From the material below, set down exactly the lines that run from the one containing "2、这时候可以看到左侧的角色" to the one containing "This studio asked", minus the pictures.

EXERCISE MATERIALS Start Marker

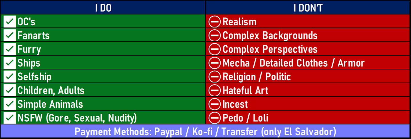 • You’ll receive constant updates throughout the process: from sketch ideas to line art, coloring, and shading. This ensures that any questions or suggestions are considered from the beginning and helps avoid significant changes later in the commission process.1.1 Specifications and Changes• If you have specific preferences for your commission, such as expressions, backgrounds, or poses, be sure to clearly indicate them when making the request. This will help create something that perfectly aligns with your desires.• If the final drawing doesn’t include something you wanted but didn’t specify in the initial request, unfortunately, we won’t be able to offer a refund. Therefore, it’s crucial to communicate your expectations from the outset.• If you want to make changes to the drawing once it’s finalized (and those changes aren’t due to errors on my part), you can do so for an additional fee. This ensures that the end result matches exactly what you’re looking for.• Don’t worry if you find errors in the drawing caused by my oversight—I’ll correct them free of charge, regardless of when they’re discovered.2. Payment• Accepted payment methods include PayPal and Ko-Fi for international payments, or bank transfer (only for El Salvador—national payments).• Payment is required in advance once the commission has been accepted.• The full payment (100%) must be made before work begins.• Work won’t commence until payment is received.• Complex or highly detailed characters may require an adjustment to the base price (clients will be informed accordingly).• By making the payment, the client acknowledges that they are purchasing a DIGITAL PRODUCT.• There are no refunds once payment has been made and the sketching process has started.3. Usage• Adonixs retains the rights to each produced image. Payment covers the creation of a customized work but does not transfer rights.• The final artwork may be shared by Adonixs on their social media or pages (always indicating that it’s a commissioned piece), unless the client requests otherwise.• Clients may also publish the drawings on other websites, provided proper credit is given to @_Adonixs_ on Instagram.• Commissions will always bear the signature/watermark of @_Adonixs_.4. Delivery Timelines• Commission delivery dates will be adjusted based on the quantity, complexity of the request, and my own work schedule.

EXERCISE MATERIALS End Marker
EXERCISE MATERIALS Start Marker

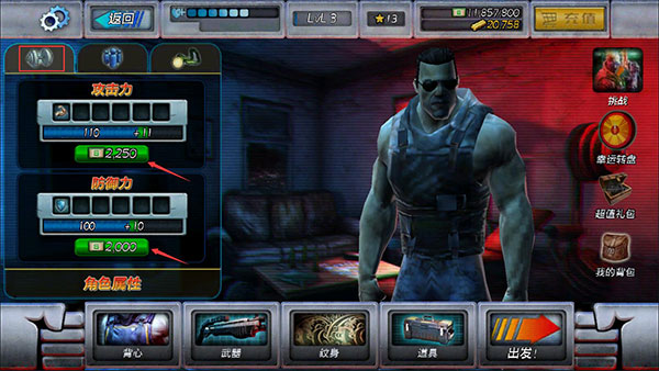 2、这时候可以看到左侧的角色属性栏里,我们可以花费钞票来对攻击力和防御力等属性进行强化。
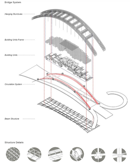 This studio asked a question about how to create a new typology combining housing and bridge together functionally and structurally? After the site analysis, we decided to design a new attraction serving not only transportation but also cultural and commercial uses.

EXERCISE MATERIALS End Marker

TASK RESULT
 2、这时候可以看到左侧的角色属性栏里,我们可以花费钞票来对攻击力和防御力等属性进行强化。
 This studio asked a question about how to create a new typology combining housing and bridge together functionally and structurally? After the site analysis, we decided to design a new attraction serving not only transportation but also cultural and commercial uses.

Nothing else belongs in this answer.